En ce qui concerne l’offre, trois événements ont particulièrement retenu notre attention cette semaine. Tout d’abord, l'OPEP+ a annoncé une réduction inattendue de sa production. Les discussions n'ont cependant pas été faciles. C’est surtout l’Arabie saoudite qui a insisté pour une nouvelle diminution. Le pays est en pleine transition économique (« Vision 2030 ») et les prix pétroliers trop bas ne lui plaisent pas du tout, car il doit financer cette transition. Un problème qui ne concerne pas vraiment les autres membres du cartel. Ces derniers s’engagent donc uniquement à prolonger les limitations de production actuelles jusque fin 2024 – quoi qu'une promesse à un horizon si lointain puisse représenter. L’Arabie saoudite a donc été contrainte de la jouer solo et a annoncé une coupe supplémentaire d'un million de barils par jour. Uniquement en juillet pour le moment, mais avec possibilité de prolongations. Le marché n'a pas été impressionné. L'or noir a bondi de 3,6 % en ouverture lundi, mais il ne reste aujourd'hui plus rien de cette hausse. La décision saoudienne montre toutefois à quel point le pays est déterminé à protéger le cours plancher actuel. De manière générale, la contraction de la production n’est en partie que sur papier, vu que de nombreux pays n’atteignent même pas les quotas actuels en raison de problèmes de capacité. En outre, la Russie est fortement soupçonnée de ne pas respecter les règles. L’Arabie saoudite a d'ailleurs exprimé son mécontentement en début de semaine.Une telle sortie est tout à fait inhabituelle. Elle mine en effet la crédibilité et la solidité du cartel.

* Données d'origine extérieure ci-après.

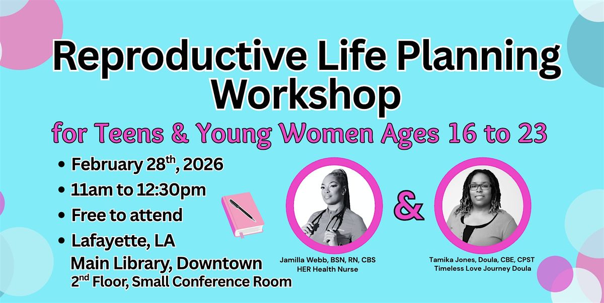In collaboration with Tamika Jones, Doula, CBE, CPST of Timeless Love Journey Doula, Jamilla Webb, BSN, RN, CBS of HER Health Nurse will lead the session. We will discuss self advocacy in healthcare settings, how abstinence, holistic family planning, and contraception can all be used as tools to support your personal goals, healthy relationships and more.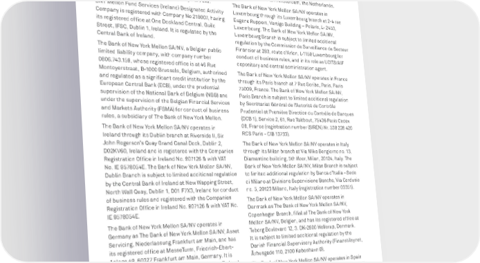 BNY MELLON ENTERPRISE ESG 118 APPENDIX Investment management services are offered through BNY Mellon Investment Management EMEA Limited, BNY Mellon Centre, One Canada Square, London E14 5AL, which is registered in England No. 1118580 and is authorised and regulated by the Financial Conduct Authority. Offshore trust and administration services are through BNY Mellon Trust Company (Cayman) Ltd. BNY Mellon Fund Services (Ireland) Designated Activity Company is registered with Company No 218007, having its registered office at One Dockland Central, Guild Street, IFSC, Dublin 1, Ireland. It is regulated by the Central Bank of Ireland. The Bank of New York Mellon SA/NV, a Belgian public limited liability company, with company number 0806.743.159, whose registered office is at 46 Rue Montoyerstraat, B-1000 Brussels, Belgium, authorised and regulated as a significant credit institution by the European Central Bank (ECB), under the prudential supervision of the National Bank of Belgium (NBB) and under the supervision of the Belgian Financial Services and Markets Authority (FSMA) for conduct of business rules, a subsidiary of The Bank of New York Mellon. The Bank of New York Mellon SA/NV operates in Ireland through its Dublin branch at Riverside II, Sir John Rogerson’s Quay Grand Canal Dock, Dublin 2, D02KV60, Ireland and is registered with the Companies Registration Office in Ireland No. 907126 & with VAT No. IE 9578054E. The Bank of New York Mellon SA/NV, Dublin Branch is subject to limited additional regulation by the Central Bank of Ireland at New Wapping Street, North Wall Quay, Dublin 1, D01 F7X3, Ireland for conduct of business rules and registered with the Companies Registration Office in Ireland No. 907126 & with VAT No. IE 9578054E. The Bank of New York Mellon SA/NV operates in Germany as The Bank of New York Mellon SA/NV, Asset Servicing, Niederlassung Frankfurt am Main, and has its registered office at MesseTurm, Friedrich-Ebert- Anlage 49, 60327 Frankfurt am Main, Germany. It is subject to limited additional regulation by the Federal Financial Supervisory Authority (Bundesanstalt für Finanzdienstleistungsaufsicht, Marie-Curie-Str. 24-28, 60439 Frankfurt, Germany) under registration number 122721. The Bank of New York Mellon SA/NV operates in the Netherlands through its Amsterdam branch at Strawinskylaan 337, WTC Building, Amsterdam, 1077 XX, the Netherlands. The Bank of New York Mellon SA/NV, Amsterdam Branch is subject to limited additional supervision by the Dutch Central Bank (“De Nederlandsche Bank” or “DNB”) on integrity issues only (registration number 34363596). DNB holds office at Westeinde 1, 1017 ZN Amsterdam, the Netherlands. The Bank of New York Mellon SA/NV operates in Luxembourg through its Luxembourg branch at 2-4 rue Eugene Ruppert, Vertigo Building – Polaris, L- 2453, Luxembourg. The Bank of New York Mellon SA/NV, Luxembourg Branch is subject to limited additional regulation by the Commission de Surveillance du Secteur Financier at 283, route d’Arlon, L-1150 Luxembourg for conduct of business rules, and in its role as UCITS/AIF depositary and central administration agent. The Bank of New York Mellon SA/NV operates in France through its Paris branch at 7 Rue Scribe, Paris, Paris 75009, France. The Bank of New York Mellon SA/NV, Paris Branch is subject to limited additional regulation by Secrétariat Général de l’Autorité de Contrôle Prudentiel at Première Direction du Contrôle de Banques (DCB 1), Service 2, 61, Rue Taitbout, 75436 Paris Cedex 09, France (registration number (SIREN) Nr. 538 228 420 RCS Paris - CIB 13733). The Bank of New York Mellon SA/NV operates in Italy through its Milan branch at Via Mike Bongiorno no. 13, Diamantino building, 5th floor, Milan, 20124, Italy. The Bank of New York Mellon SA/NV, Milan Branch is subject to limited additional regulation by Banca d’Italia - Sede di Milano at Divisione Supervisione Banche, Via Cordusio no. 5, 20123 Milano, Italy (registration number 03351). The Bank of New York Mellon SA/NV operates in Denmark as The Bank of New York Mellon SA/NV, Copenhagen Branch, filial af The Bank of New York Mellon SA/NV, Belgien, and has its registered office at Tuborg Boulevard 12, 3. DK-2900 Hellerup, Denmark. It is subject to limited additional regulation by the Danish Financial Supervisory Authority (Finanstilsynet, Århusgade 110, 2100 København Ø). The Bank of New York Mellon SA/NV operates in Spain through its Madrid branch with registered office at Calle José Abascal 45, Planta 4ª, 28003, Madrid, and enrolled on the Reg. Mercantil de Madrid, Tomo 41019, folio 185 (M-727448). The Bank of New York Mellon, Sucursal en España is registered with Banco de España (registration number 1573).

Hier, le Brent a subitement chuté de plus de 5 % suite à l’annonce (provisoirement non confirmée) selon laquelle les États-Unis et l'ennemi juré, l'Iran, étaient proches d'un nouvel accord provisoire. L'Iran tempérait ainsi ses ambitions nucléaires et bénéficierait, en échange d'un assouplissement des sanctions, qui frappent actuellement l’ensemble de ses exportations de pétrole. D’après l’article, l'accord permettrait dans un premier temps au pays de mettre sur le marché un million de barils par jour. Cette détente entre Washington et Téhéran n’est peut-être pas tout à fait due au hasard. En octobre de l’année dernière, l’OPEP+ a, sous la direction des Saoudiens, commencé à réduire drastiquement la production afin de faire grimper les prix. Depuis lors, les États-Unis et leur quasi-unique allié de la région sont en désaccord. L’Amérique fait dès lors le forcing avec sa propre production. En début de mois, celle-ci a atteint un nouveau record sur trois ans de pas moins de 12,4 millions de barils par jour. Le niveau record d’un peu plus de 13 millions de barils par jour date d’avant la pandémie et se profile donc peu à peu à l’horizon.